< Torna alla categoria

Quando Benedetto parlò con Dio

Arte e Cultura29 Settembre 2021
Testo dell'audio

San Benedetto da Norcia, membro della nobile gens Anicia della città di Nursia era giunto a Roma all’età di circa vent’anni per studiare grammatica e gli studi letterari, come era usanza per i nobili del tempo.

Ma Roma, capitale di un Impero ormai defunto non sarebbe stata capace di attrarre neanche all’apice del proprio splendore l’ardore e l’inquietudine spirituale del giovane padre del monachesimo. Vi era in lui, come afferma san Gregorio, quell’ansia mistica che gli ardeva nel cuore di «piacere soltanto a Gesù Cristo», così da glorificare Lui in ogni cosa.

Fin da giovane infatti sembrava obbedire già a quel comando, che divenne in seguito il principio ispiratore della sua Regola di vita monastica. Quel richiamo che lo portò ad abbandonare la città e con essa ogni cosa: la cultura ed i piaceri del mondo, la ricchezza e l’affetto della famiglia. Era in cerca di un rifugio per lo spirito, di un silenzio per la mente, di una pace per il cuore.

Dinanzi ad una esigenza così alta e profonda volle far ritorno alla nuda terra dalla quale l’uomo nasce ed alla montagna dove Dio parla. Si incamminò solitario così verso la valle solcata dal fiume Aniene e protetta dai monti Simbruini, dove incontrò il monaco Romano che gli indicò uno speco incastonato sulle ripide pareti del monte Taleo.


[give_form id="6357"]

In quel Sacro Speco dove il santo visse per tre anni da eremita e sul quale si innalzarono tra l’XI e il XIII secolo due splendide chiese tra loro sovrapposte, si propagarono in azione e parola tutte le grazie spirituali e le virtù sociali di una fede completamente e radicalmente vissuta in Cristo i cui benefici attraverso il monachesimo si perpetueranno in Europa per secoli.

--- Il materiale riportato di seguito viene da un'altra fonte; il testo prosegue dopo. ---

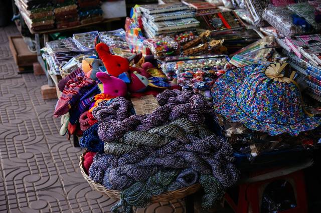 我们发扬走哪逛哪的本事抱着台相机开始乱晃扫街,沿着暹粒河走几步就能看到老市场了。老市场是个四方状的区域,有点像我们这儿的商品城,一个大市场外围,里面都布满了大大小小的格子间,里面琳琅满目摆满了当地特色的物件。
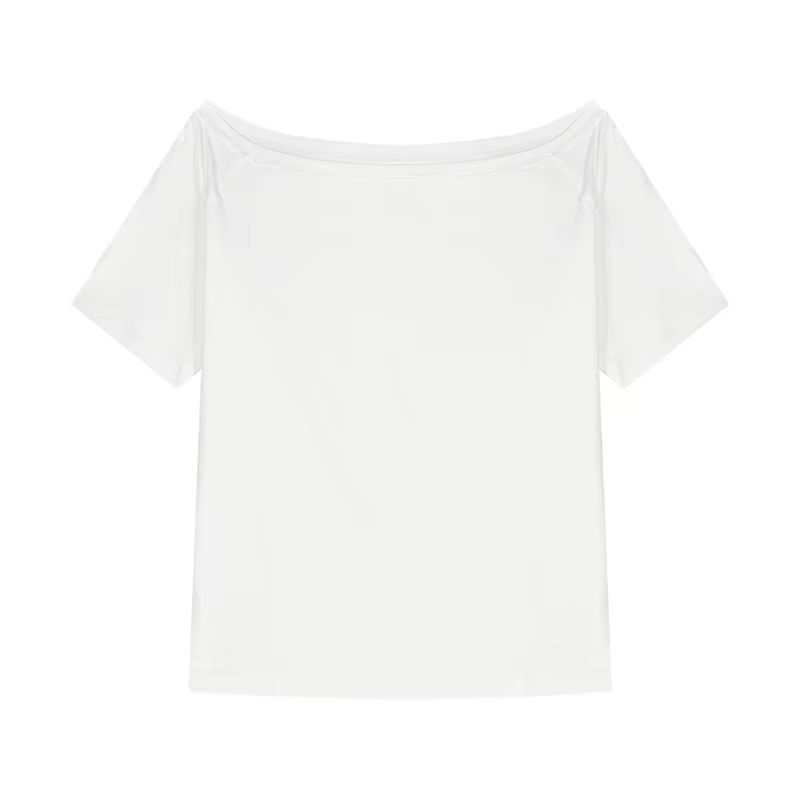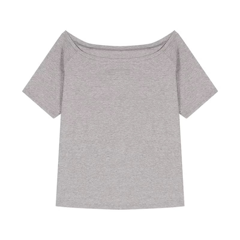 เสื้อยืดผู้หญิงผ้าฝ้ายคุณภาพสูง ทรงหลวม ไม่มีปก แขนสั้น แบบเรียบง่าย สไตล์แฟชั่น ผลิตจำนวนมาก เป็นมิตรกับสิ่งแวดล้อม
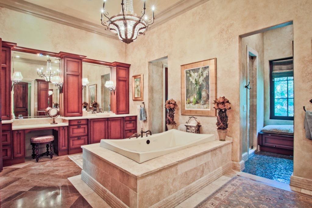 The master suite is on the main level and opens to the pool. It features his and her baths and dressing rooms.
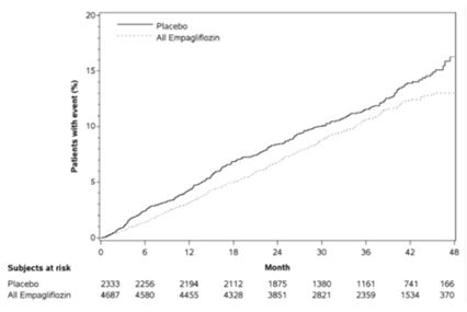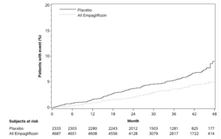 EMPA‑REG OUTCOME 시험에서 엠파글리플로진은 위약과 비교하였을 때 심부전으로 인한 입원의 위험을 감소시켰다 (엠파글리플로진 2.7 %; 위약 4.1 %; 위험비(HR) 0.65, 95 % CI 0.50, 0.85).
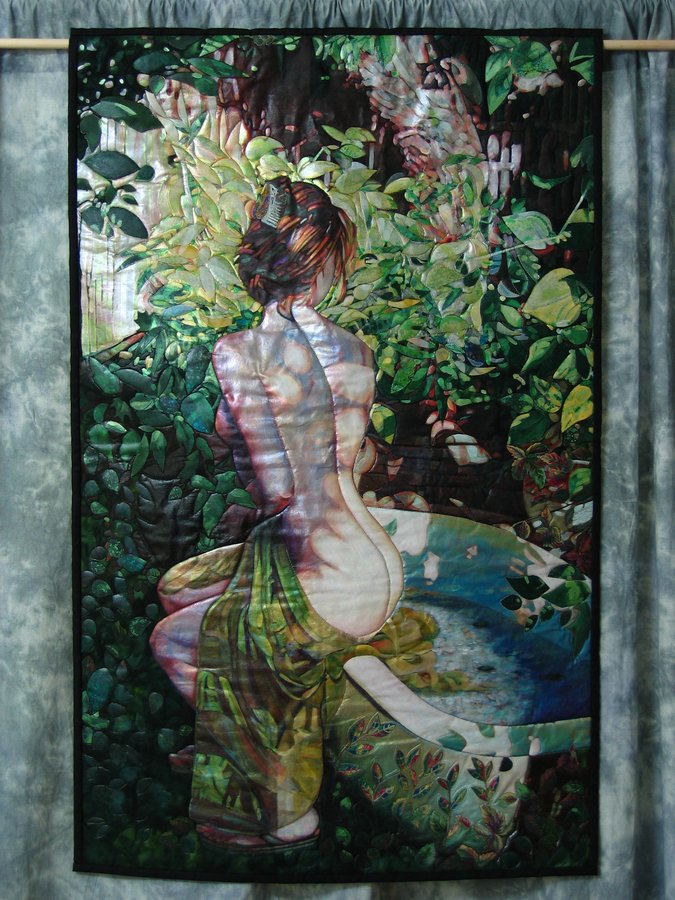The day was hot , the shadows were long . Lindsey getting ready for her bath with nature . Painted image on batik fabric, fused applique , machine embroidery using sulky variegated rayon embroidery thread . |

Quando il santo abbandonò la grotta al passaggio di un sacerdote, i frutti spirituali di quegli anni di silenzio vissuti nel Sacro Speco, vera culla della civiltà europea, cominciarono ad irradiarsi. Inizialmente ai pastori, poi ai fedeli delle chiese vicine e lontane con i primi giovani seguaci, i santi Mauro e Placido. Da qui la necessità di fondare nuove comunità cenobitiche con i relativi monasteri. Nel 529, abbandonando Subiaco, Benedetto trovò rifugio a Montecassino.

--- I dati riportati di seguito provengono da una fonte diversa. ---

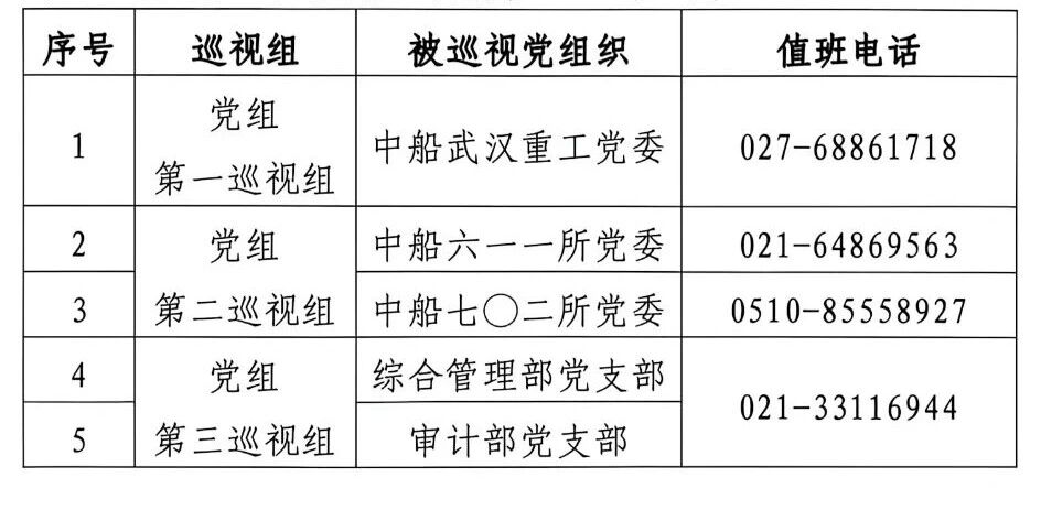 按照中國(guó)船舶集團(tuán)有限公司黨組對(duì)巡視工作統(tǒng)一部署,近日,2026年度第一批次巡視組完成全面進(jìn)駐。此批巡視分3個(gè)巡視組,分別對(duì)中船武漢重工黨委、中船六一一所黨委、中船七〇二所黨委等黨組織開展常規(guī)巡視,對(duì)總部綜合管理部黨支部、審計(jì)部黨支部開展“四型”總部建設(shè)專項(xiàng)巡視。
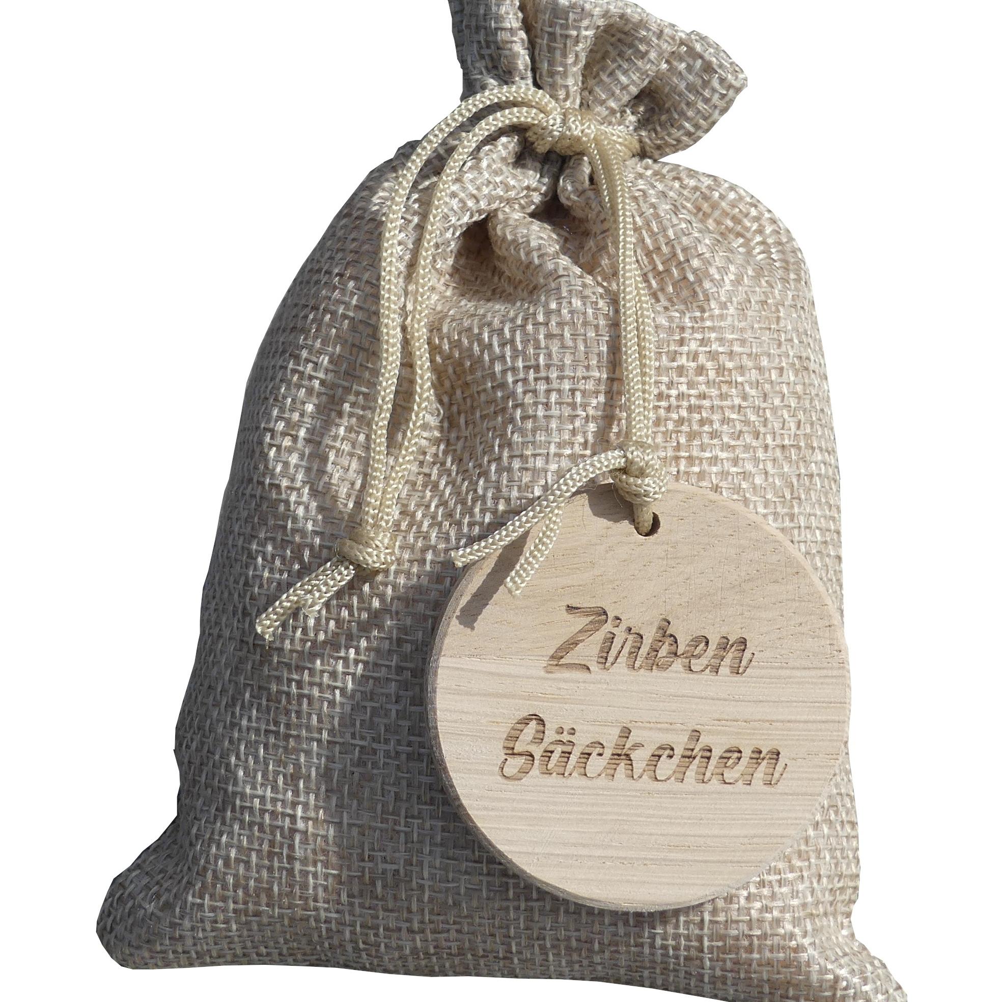 Unser liebevoll gefülltes Jutesäckchen enthält wunderbar duftende, handgehobelte Zirbenholzspäne, die für eine natürliche, angenehme Frische sorgen. Ergänzt wird das Säckchen durch einen hochwertig gravierten Anhänger aus heimischem Eichenholz, der dem Ganzen eine besondere, persönliche Note verleiht.

Qui completò infatti la sua Regola monastica, ma soprattutto edificò su quella terra, ancora luogo di culto pagano, il monastero madre del futuro Ordine benedettino e della stessa Europa; un paradigma sociale perfetto di santità evangelica. Con l’equilibrio e l’armonia tipicamente romana, con la misericordia e la solidarietà tipicamente cristiana prese forma così un modello morale di vita comunitaria, che è al tempo stesso un esempio economico, politico e culturale per la civiltà umana.


[give_form id="6357"]

Il monastero di Montecassino fu il cuore pulsante, ove sorse la societas christiana, ma la cui anima risiedette in quella piccola grotta a Subiaco e in quei tre anni di silenzio nei quali san Benedetto parlò con Dio.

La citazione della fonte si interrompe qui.